(Goal of the exercise): A faithful copy of the listing below is needed, one that contains no pictures.

(Given material):
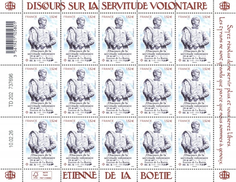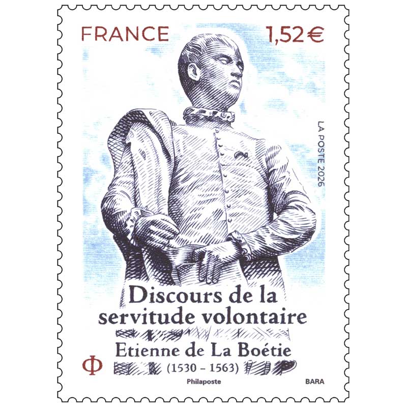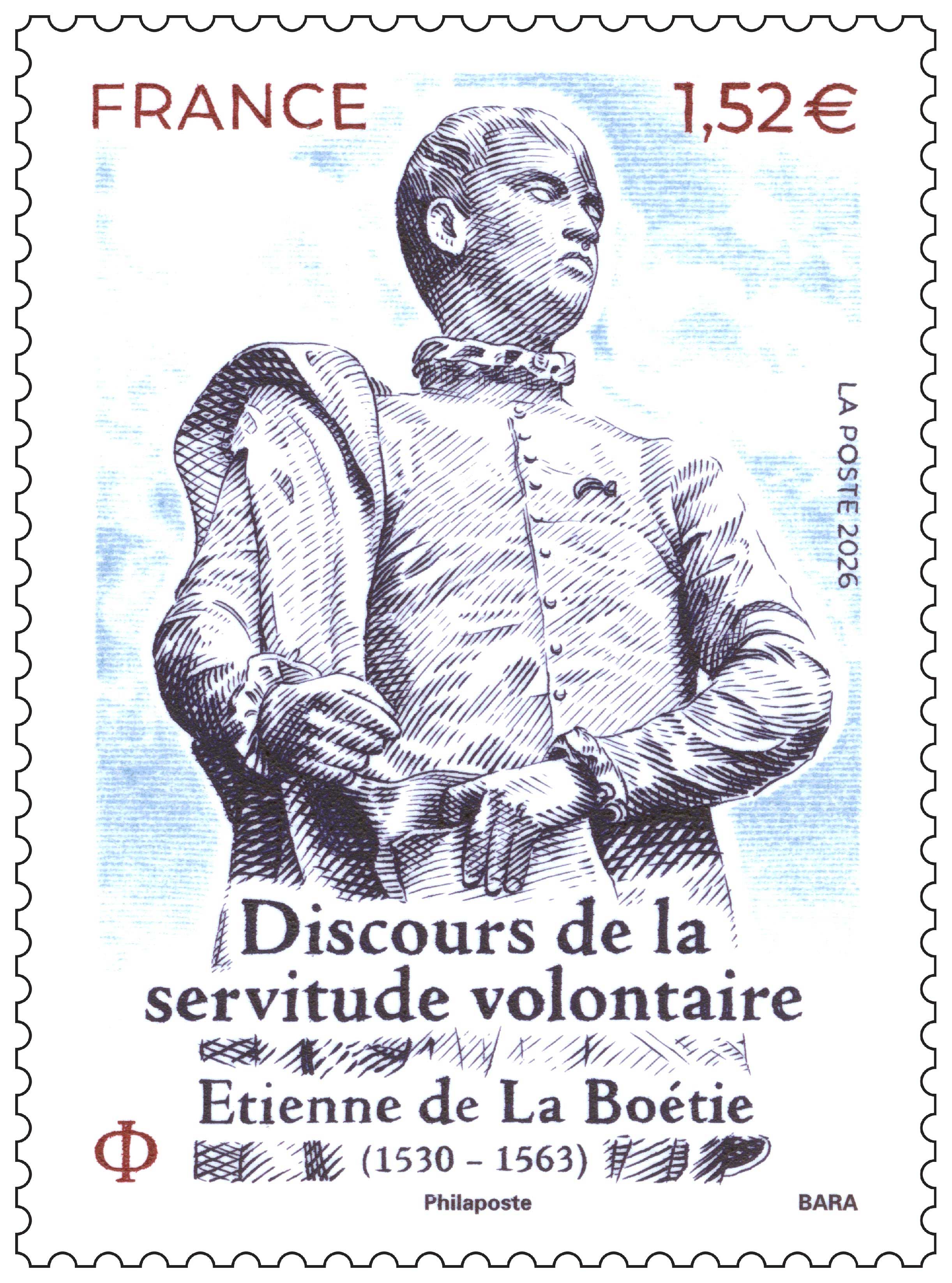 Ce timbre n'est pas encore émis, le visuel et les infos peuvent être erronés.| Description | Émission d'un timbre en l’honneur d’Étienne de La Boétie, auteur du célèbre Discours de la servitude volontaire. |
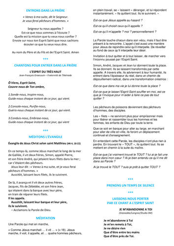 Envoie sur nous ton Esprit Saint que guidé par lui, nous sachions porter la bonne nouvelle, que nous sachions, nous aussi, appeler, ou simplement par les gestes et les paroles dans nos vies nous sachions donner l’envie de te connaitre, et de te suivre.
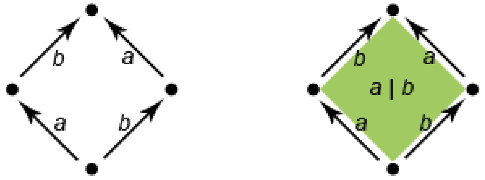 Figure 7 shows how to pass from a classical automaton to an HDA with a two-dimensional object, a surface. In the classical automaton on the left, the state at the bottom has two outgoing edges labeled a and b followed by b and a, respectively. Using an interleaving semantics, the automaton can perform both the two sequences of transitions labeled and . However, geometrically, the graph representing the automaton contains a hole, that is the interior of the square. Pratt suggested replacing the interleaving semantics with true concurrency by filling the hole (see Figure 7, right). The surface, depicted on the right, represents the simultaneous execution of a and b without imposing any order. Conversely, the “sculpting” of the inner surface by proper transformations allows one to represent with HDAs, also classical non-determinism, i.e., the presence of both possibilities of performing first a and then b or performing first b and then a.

(Output):
 Ce timbre n'est pas encore émis, le visuel et les infos peuvent être erronés.| Description | Émission d'un timbre en l’honneur d’Étienne de La Boétie, auteur du célèbre Discours de la servitude volontaire. |
 Envoie sur nous ton Esprit Saint que guidé par lui, nous sachions porter la bonne nouvelle, que nous sachions, nous aussi, appeler, ou simplement par les gestes et les paroles dans nos vies nous sachions donner l’envie de te connaitre, et de te suivre.
 Figure 7 shows how to pass from a classical automaton to an HDA with a two-dimensional object, a surface. In the classical automaton on the left, the state at the bottom has two outgoing edges labeled a and b followed by b and a, respectively. Using an interleaving semantics, the automaton can perform both the two sequences of transitions labeled and . However, geometrically, the graph representing the automaton contains a hole, that is the interior of the square. Pratt suggested replacing the interleaving semantics with true concurrency by filling the hole (see Figure 7, right). The surface, depicted on the right, represents the simultaneous execution of a and b without imposing any order. Conversely, the “sculpting” of the inner surface by proper transformations allows one to represent with HDAs, also classical non-determinism, i.e., the presence of both possibilities of performing first a and then b or performing first b and then a.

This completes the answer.